Most of the community has piped water (CEDAE) and metered electricity (Light), though service quality varies with elevation and density. Sewerage remains the most acute infrastructure deficit; the PAC-era sewerage works were widely criticized as incomplete. Internet penetration is high, served by both formal providers and local internet cooperatives.
Public security
Public security in Rocinha has had several phases. Through much of the 1990s and 2000s the community was understood to be under the territorial influence of one of Rio's major drug-trafficking organizations; this was confirmed by federal and state operations including the November 2011 occupation that preceded the installation of a UPP in the favela. The UPP-Rocinha period ran from 2012 onward, with mixed and disputed results. Lethal incidents declined in some years and rose in others; a high-profile 2013 case involving the disappearance of bricklayer Amarildo de Souza, killed after being taken to a UPP base, became a national symbol of the program's failures.
From 2017 onward the UPP framework deteriorated as the state of Rio's fiscal crisis defunded the program; large-scale armed conflicts returned. The community has been the site of repeated police operations in the years since.
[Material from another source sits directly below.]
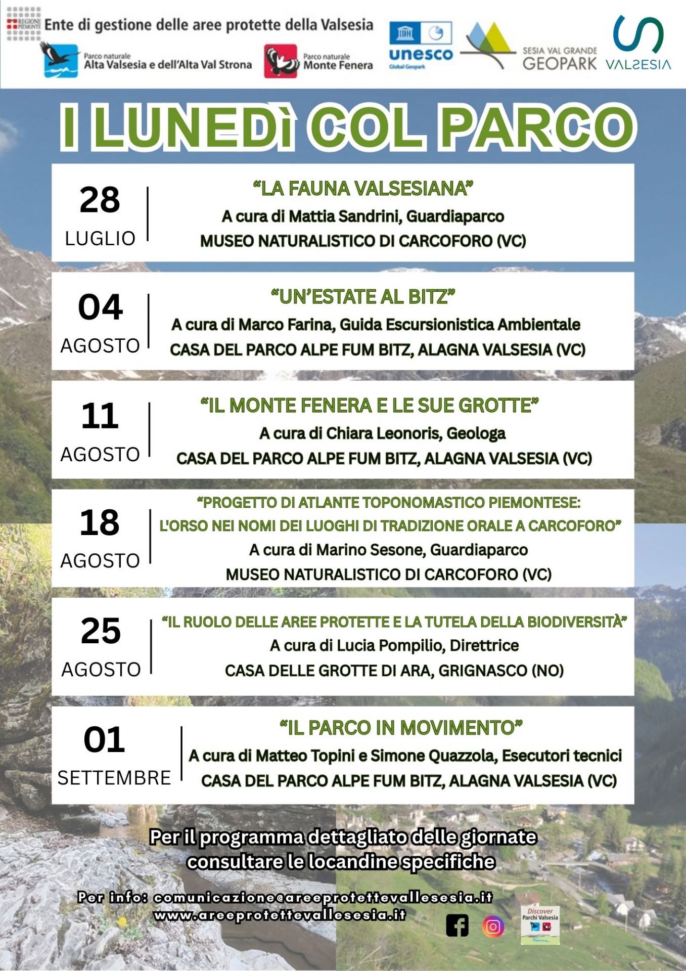 Tra la fine di luglio e i primi di settembre Parchi Valsesia propone 6 lunedì dove lo staff dell'Ente Parco si racconta!

Culture and notable residents
Rocinha hosts cultural institutions including local funk and samba traditions, residents' libraries, and the Rocinha Cultural Center. The community has been the site of one of Rio's longest-running blocos de carnaval, and the funk artist Mr. Catra (Wagner Domingues Costa, 1968–2018) lived in or near the community across his career. The community has produced active scholars, journalists, and artists, and is the home base of organizations including the União Pró-Melhoramentos dos Moradores da Rocinha.
Further reading
For context on Rocinha's place in Rio's broader favela landscape, see A history of favelas and the entry on the UPP program. Janice Perlman's Favela: Four Decades includes substantial material on Rocinha and on the South Zone communities more broadly.
Sources
- IBGE. Censo Demográfico 2010: Aglomerados Subnormais. Rio de Janeiro: IBGE, 2011.
- IBGE. Censo Demográfico 2022: Aglomerados Subnormais — Primeiros Resultados. Rio de Janeiro: IBGE, 2023.
- Perlman, Janice. Favela: Four Decades of Living on the Edge in Rio de Janeiro. Oxford University Press, 2010.
- Lei Municipal nº 2.119 de 19 de janeiro de 1993, Município do Rio de Janeiro, criando o bairro da Rocinha.
- Folha de S.Paulo and O Globo, coverage of the Amarildo de Souza case and subsequent trial, 2013–2018.